Of course, CI SaaSes implement a lot of caching on their end, but they also try to put people on the most anemic machines possible to try and capture those juicy margins.

1 comments

> we buy one or two very expensive machines that run CI and builds

This unfortunately does not work for orgs that have, say, more than 20 engineers. The core issue is that once you have a test suite large enough to have ~30 shards, you only need one engineer `git push`ing once to saturate those 1-2 expensive machines you've got sitting in the office.

The CI workload is quite amenable to "serverless" when you get to a large enough org size, where most of the time you actually want to pay nothing (i.e. outside your business hours) but when your engineers are pushing code, you want 1500 vCPUs on-demand to run 4 or 5 test suites concurrently.

Sounds like somebody should set up incremental CI with Bazel :)

Seriously though, of course there's a lot of details here, but I think people tend to not really interenalize how much testing is about confidence, and things like incremental CI can really chew away at how big/small your test suite needs to be.
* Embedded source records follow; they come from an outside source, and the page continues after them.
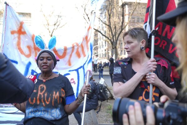 La cacophonie et les tensions se sont accrues avec l’arrivée de la députée républicaine Marjorie Taylor Greene, qui a brièvement pris la défense de Donald Trump avant de céder le porte-voix à un groupe d’experts conservateurs, dont Jack Posobiec. Une équipe de policiers new-yorkais a eu du mal à contenir la foule des médias et des participants lorsque Greene s’est frayée un chemin pour monter sur un banc.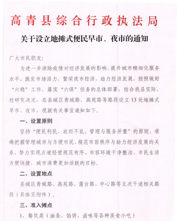 为了进一步消除疫情对我区经济发展的影响,提高就业率,更加方便市民群众生活,提升城市管理规范化水平,按照便民、为民、利民的原则,结合我区实际,在城区范围内设立部分便民早市夜市、“马路超市”和特色经营区域,现将有关事宜通知如下。以满足广大群众需求为目标,健全完善便民摊点长效管理机制;实现便民早市夜市、“马路超市”和特色经营区域的有序、便民、整洁、规范;遵循柔性执法和规范化管理原则,进一步促进城区市容市貌和文明卫生程度提升。城区范围内新建四路、秋泉路、泉水路、青龙山北路、五岭路、世纪广场、凤凰山广场、琉璃园等路段和区域(具体见附件),各镇街也要选择合适地点设立便民早市夜市和特色经营区域。(一)便民早市夜市、“马路超市”和特色经营区域管理1.对进入规定摊点群内经营的业户进行登记备案,对经营种类和范围进行筛选、规划和设定。2.便民早市夜市、“马路超市”和特色经营区域在起始路段的醒目位置设立标志牌,标明经营区域、开闭市时间、经营范围、管理制度、管理单位、管理责任人及投诉、监督电话等。4.经营范围内必须配备符合卫生标准的垃圾收集容器,采取经营业户自行保洁和路段卫生管理保洁相结合形式,确保经营区域内日常环境卫生保洁达到相关标准。5.禁止经营或销售国家明令禁止的和不符合国家标准的商品。6.对未进入便民早市夜市、“马路超市”和特色经营区域内的其他路段和区域,继续按照原有的市容管理标准和管理办法进行管理。(二)便民早市夜市、“马路超市”和特色经营区域固定经营业户管理1.须取得市场监管部门核准的经营资格证件,手续齐全,在统一位置进行明示,并符合市场监管部门相关要求。 2.摊位要求整洁、卫生,与周边环境相协调,摊位招牌、遮阳棚或摊位车等经营设施达到统一、美观、洁净。3.必须配备密闭垃圾桶,摊位周边保持干净整洁,无落地垃圾杂物。4.现场食品加工经营业户必须配备防蝇罩等卫生防护设施,并达到相关部门要求;必须配备消烟除尘设施和地面防污用品(如地板革等),禁止产生油烟污染的餐饮和烧烤等经营行为。希望各位摊主熟知政策、互相告知,同时,也倡导广大市民朋友、机关、企事业单位给予大力支持,进市消费,广泛宣传,共同繁荣我区“夜市经济”和“市民经济”,引燃博山“烟火气”,助力全区大发展。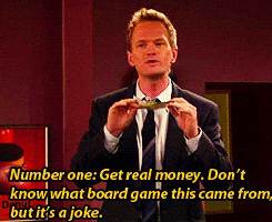So what you're saying, Barney, is that I cannot pay for college with Monopoly money? What kind of crap is that?!
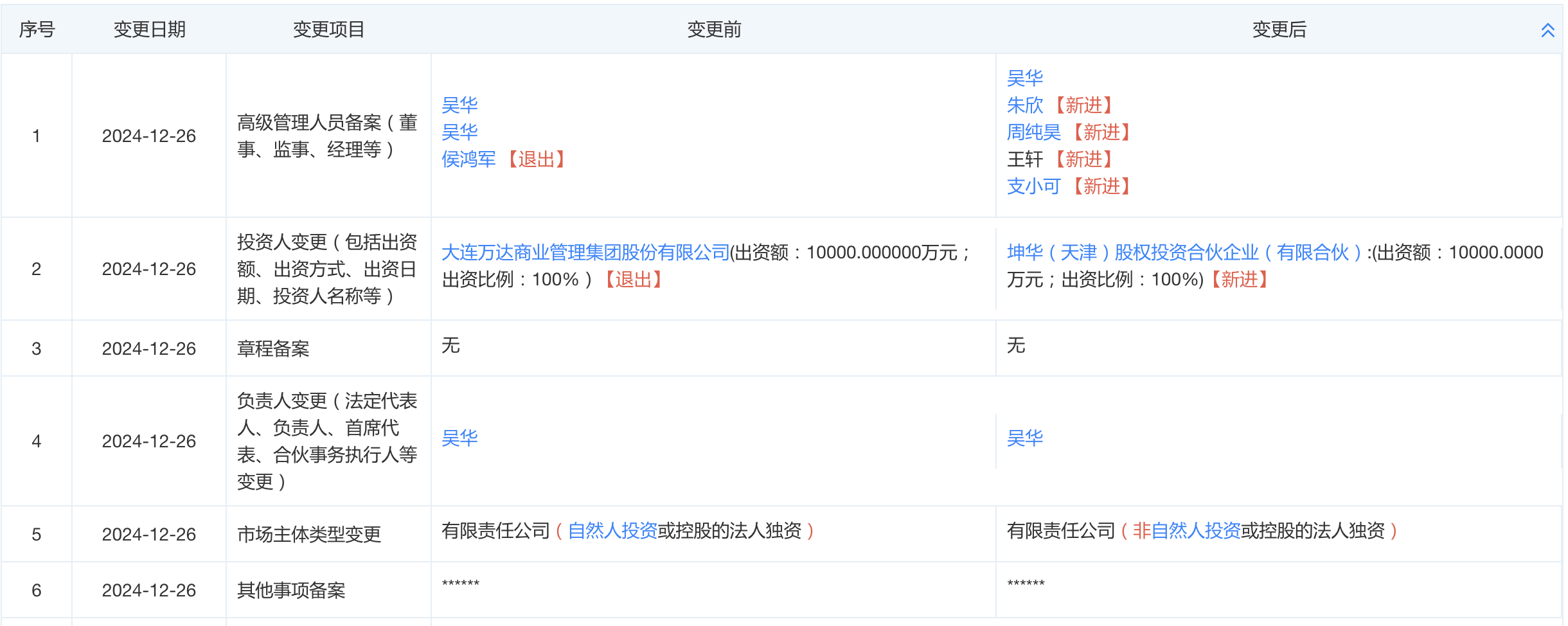 坤华(天津)股权投资合伙企业今年以来陆续接手多家万达广场,仅12月就有3家万达广场完成工商变更。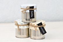 Tee näin: Maalaa purkin kansi kultamaalilla ja anna kuivua. Liimaa purkin kylkeen tarra tai kiiltokuva.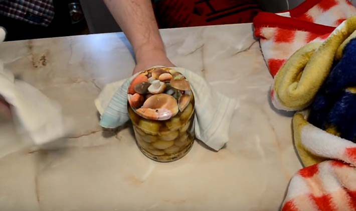 Pour éviter la formation de moisissure sur la marinade, vous pouvez verser délicatement une couche d'huile végétale bouillie.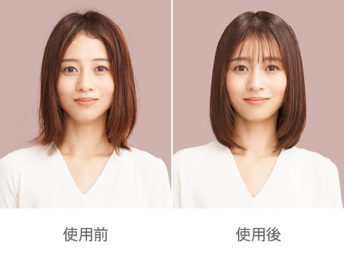 *乾いたストレートヘアに浮き毛抑制モードを使用した場合。
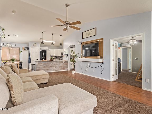 What a Great Find!!! (NO Age Restrictions!) This beautiful 4-bedroom, 2-bath home is nestled in the highly sought-after Peoria Unified School District and ready to impress! Enjoy a thoughtfully updated open floorplan with 1,531 sq. ft. of inviting living space that's perfect for everyday living or entertaining friends. The fantastic kitchen steals the show with its quartz granite counters, stylish farmhouse sink, and gleaming stainless-steel appliances ideal for whipping up your favorite meals! Upgrades abound, including a new A/C (2022), a 5-year-old water heater, water softener, and a mini split for extra comfort and energy efficiency. The backyard is beautifully designed with lush turf, pavers, and even a dog run for your furry companion. Enjoy peaceful mornings or sunset evenings with a view fence overlooking the greenbelt, no neighbors behind for extra privacy! Love the outdoors? You'll appreciate the neighborhood's scenic parks, walking, and biking paths that wind through this vibrant community. Add in easy access to the 303, tons of nearby amenities, and a great price for such a spectacular area, and you've found a home that truly has it all! Don't miss out!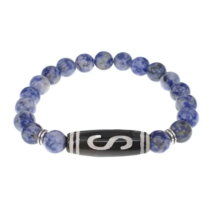 Стрейч-браслет из натурального камня содалит, украшенный тибетской бусиной Дзи из агата.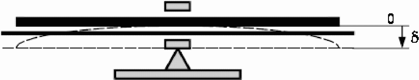 3.8 деформация изгиба: Значение прогиба свешивающихся концов сформированного модельного образца гипсовой повязки прямоугольной формы относительно горизонтальной плоскости.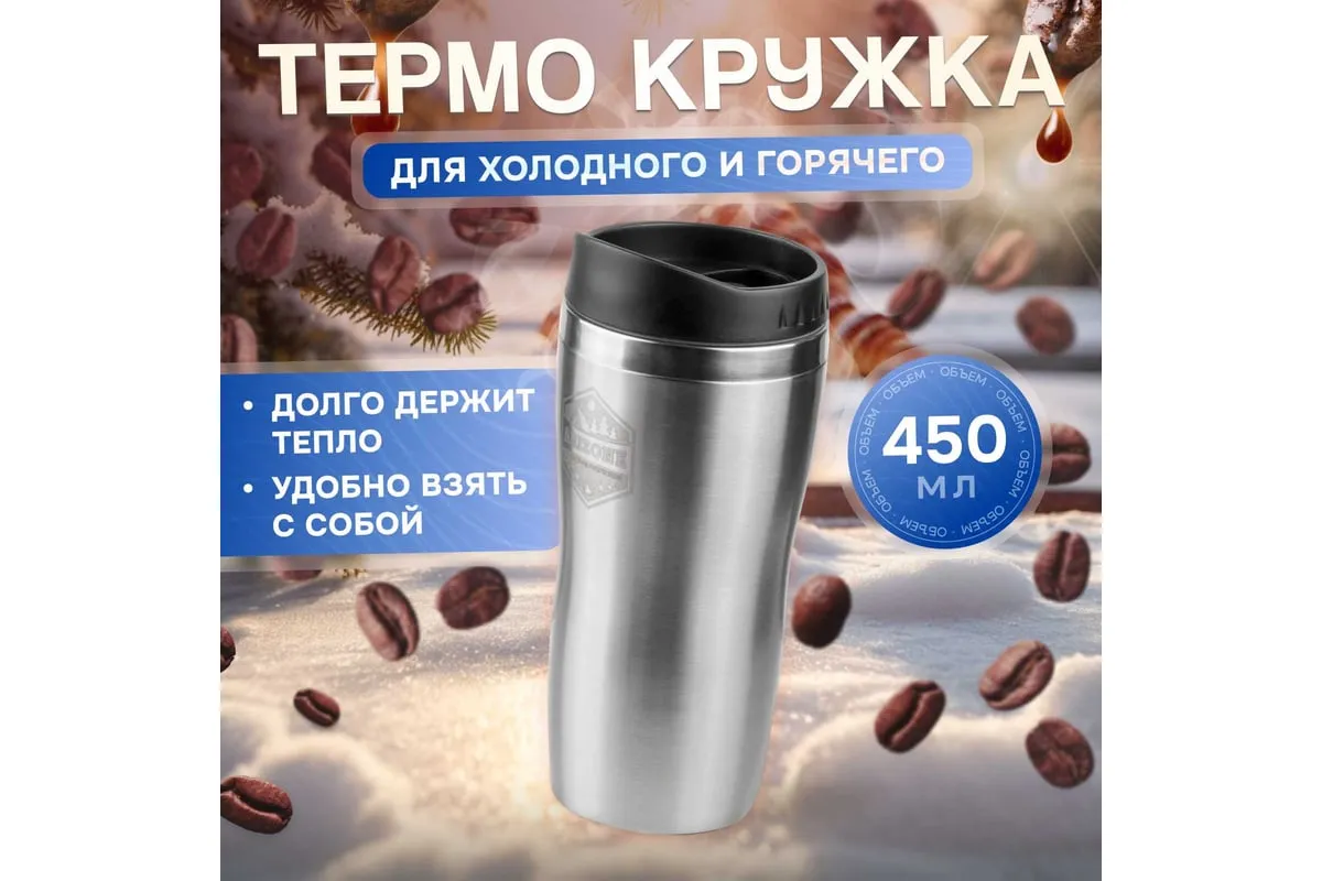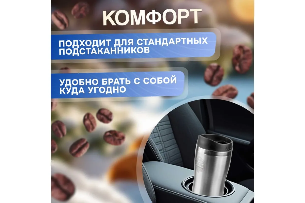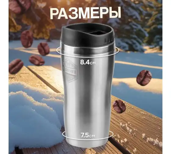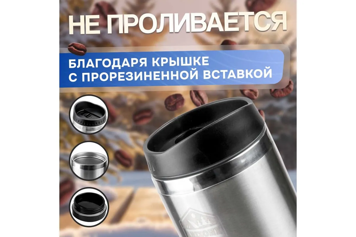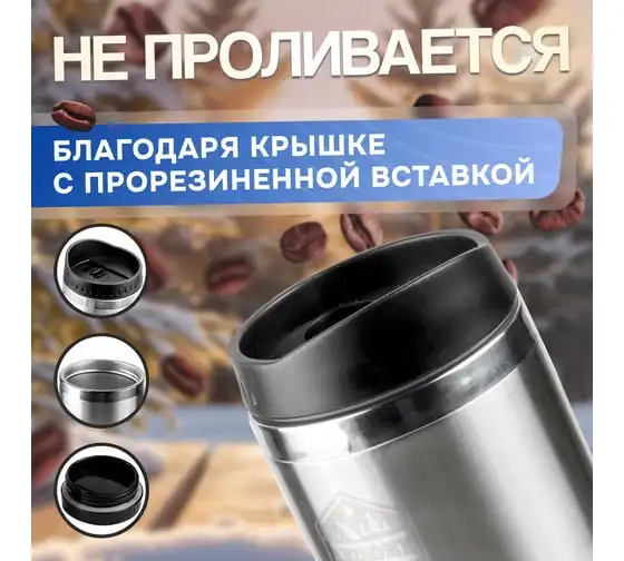 Двойные стенки, создающие вакуумную теплоизоляцию, сохраняют температуру напитков в течение долгого времени Материал корпуса: нержавеющая сталь и пищевой пластик Материал колбы: нержавеющая сталь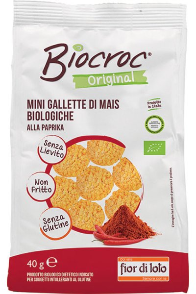 Mini gallette di Mais biologiche alla Paprika non fritte e senza lievito specificamente formulato per celiaci.

There are some things that are just inherently slow, but I've seen a lot of test suites that are mostly rerunning tests that only use unchanged code for most of its runtime.

My glib assertion is that there is likely to be no test suite generated by 20 engineers that requires 30 shards that is impossible to chop up with incremental CI. And downstream of that, getting incremental CI would improve DX a lot, cuz I bet those 30 shards take a long time

incremental CI is absolutely the way to go
I can get a 48 core/96 threads dedicated server for 200€ a month on hetzner. The cheapest EC2 with that comes close costs 2€ per hour. I can get nearly 10 hetzner servers that run consistently for that price.

Obviously the dedicated machines are not rentable per hour, but the cloud is so much more expensive.

Very much this. I’ve overseen this process for one of my clients and we’ve seen build + deploy times go from 5-10 minutes down to around 1-2m. This was down to increased performance, improved caching, and being about to cut out some minor workflow setup steps.

So 10x cheaper and 5x the performance.

Still using GitHub Actions, but now just using self-hosted runners.

Well, the point was that if 4 concurrent `git push`es saturates up to 1500 vCPUs then you'd need 16 of those hetzner dedicated servers (which you have to manage the uptime for) that you're paying for for the entire month. ~4 pushes is a very small amount and an org with a few dozen or so engineers will regularly see peaks higher than this.

Additionally, you'd have to ensure some isolation across your test runs (either by running the test suites in ephemeral containers, or VMs) which is additional engineering work for something that isn't business critical.

In my experience, dedicated hardware has provided a baseline real-world 2x speed up over cloud instances (presumably down to no contention, local nvme). So that would be 8 hetzner instances.

I managed to squeeze out a 5x speed up total (see my other comment). In which case that would mean 3-4 instances.

Plus with shorter build times you may then find that having a builds queued up is acceptable.